** Opening Input data block **
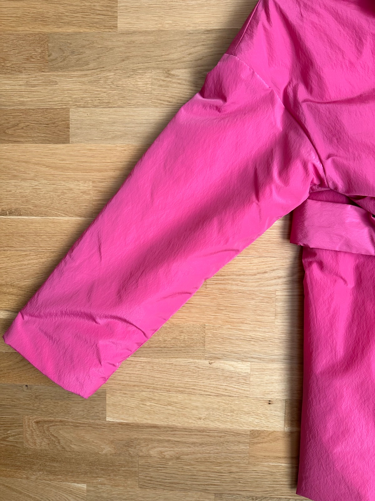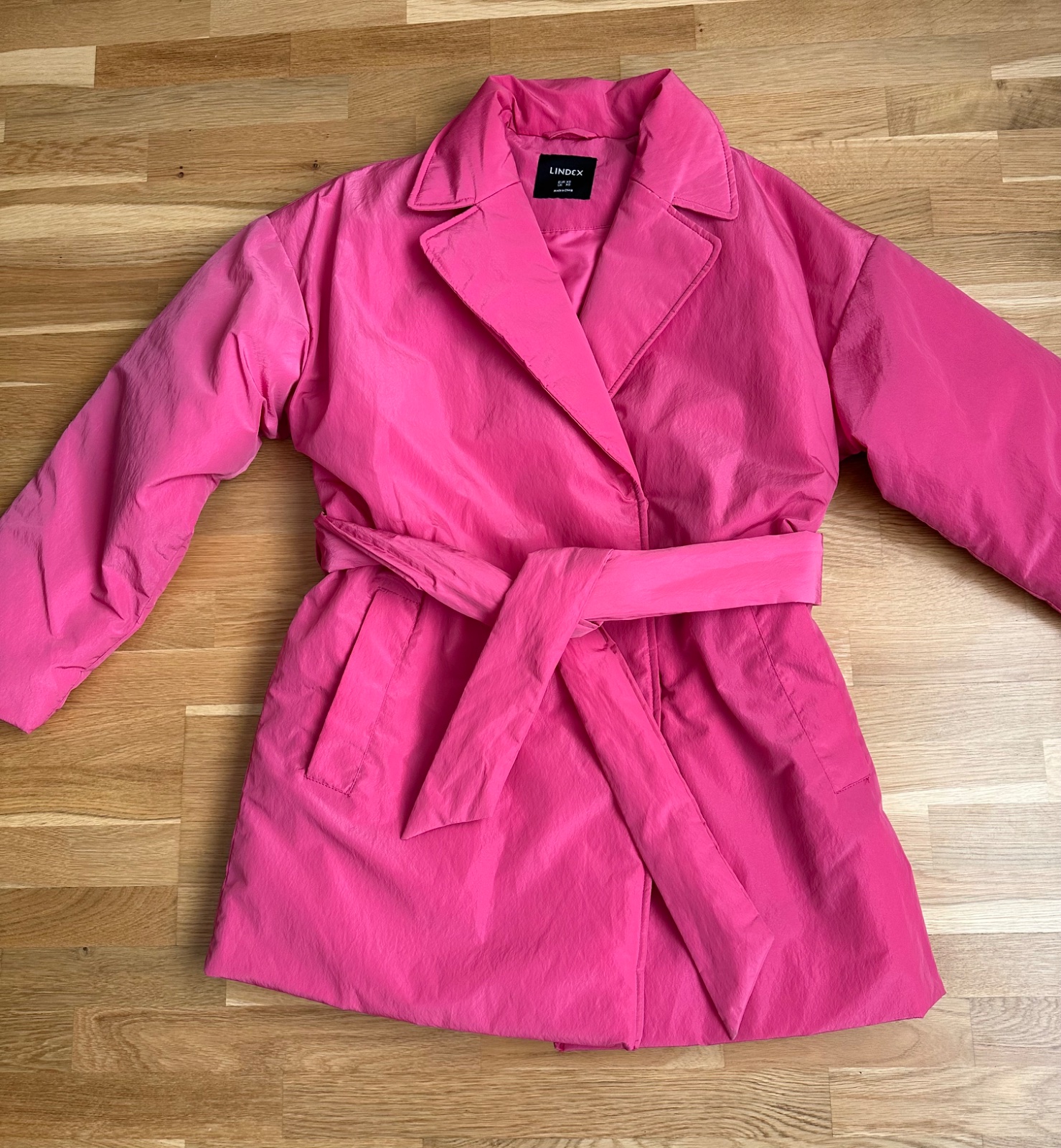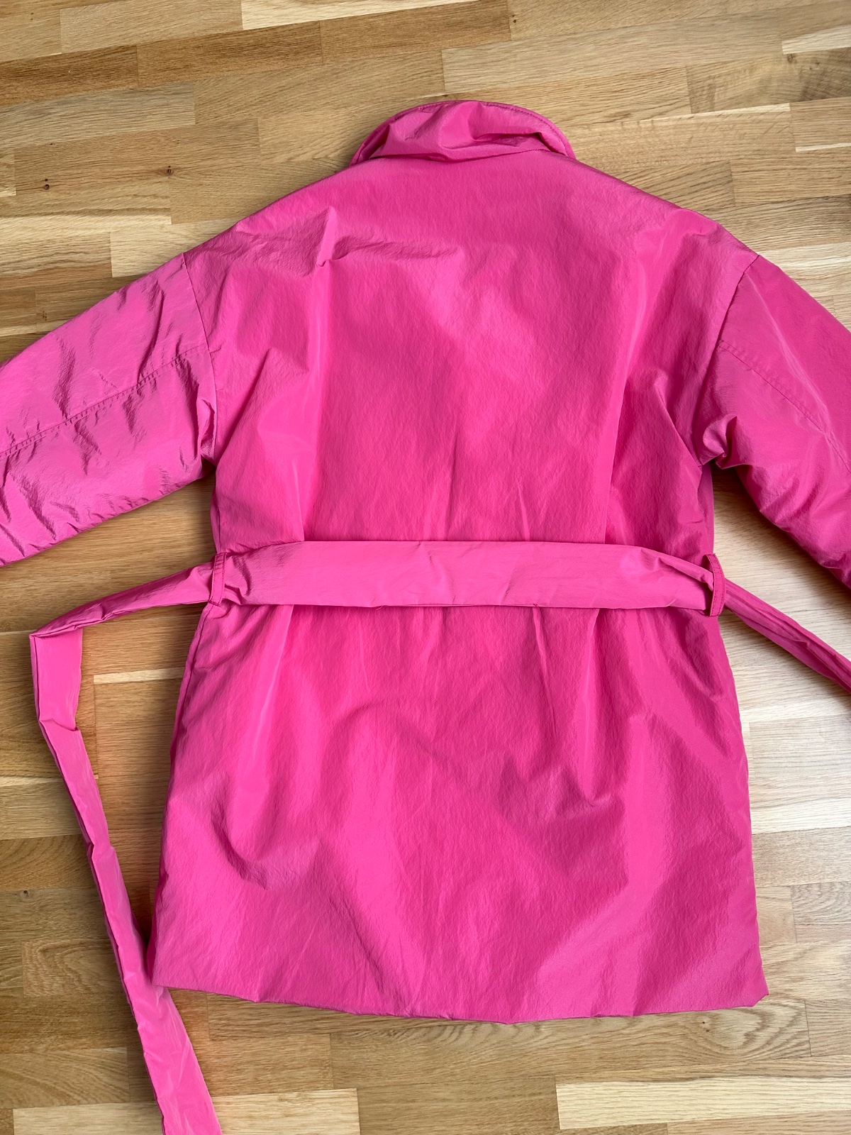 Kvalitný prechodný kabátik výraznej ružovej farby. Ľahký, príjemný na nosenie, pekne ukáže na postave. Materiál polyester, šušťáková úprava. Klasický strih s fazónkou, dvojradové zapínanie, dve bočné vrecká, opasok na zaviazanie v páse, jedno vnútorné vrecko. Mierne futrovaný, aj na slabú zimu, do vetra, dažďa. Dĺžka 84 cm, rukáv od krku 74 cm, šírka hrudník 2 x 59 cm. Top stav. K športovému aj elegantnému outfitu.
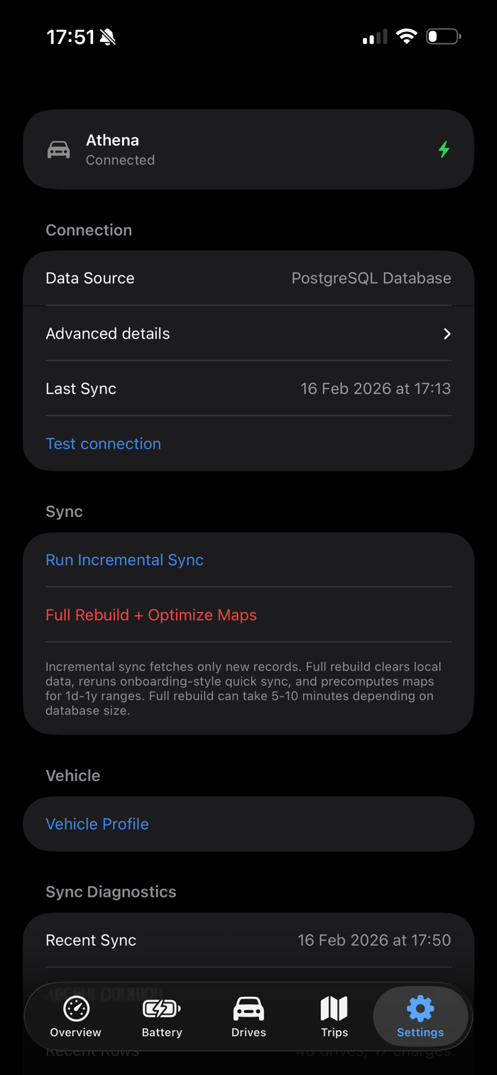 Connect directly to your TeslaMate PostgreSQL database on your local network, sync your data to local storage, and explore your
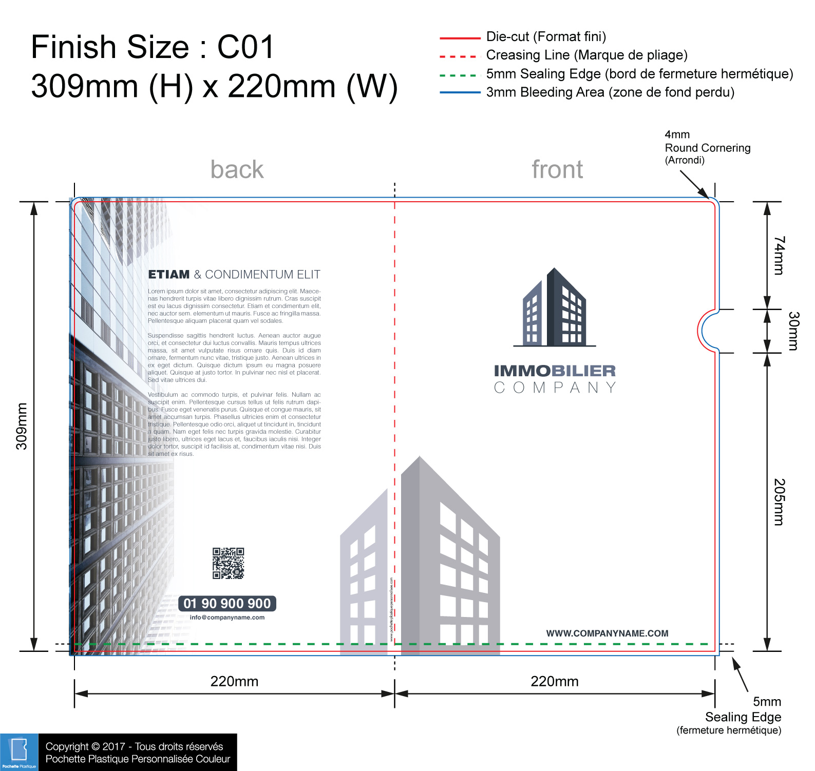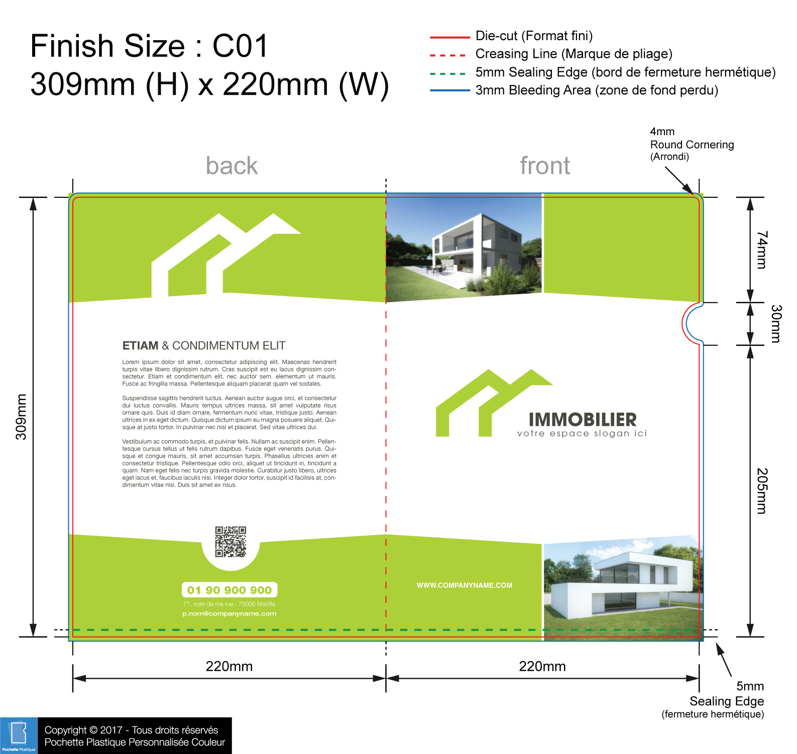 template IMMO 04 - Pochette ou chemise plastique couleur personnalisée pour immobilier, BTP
** Closing Input data block **
* Task prompt
No picture is to be included when the lines from the one containing "Connect directly to" through the end of the material above are output exactly; nothing else is written.

* Exercise answer
 Connect directly to your TeslaMate PostgreSQL database on your local network, sync your data to local storage, and explore your
 template IMMO 04 - Pochette ou chemise plastique couleur personnalisée pour immobilier, BTP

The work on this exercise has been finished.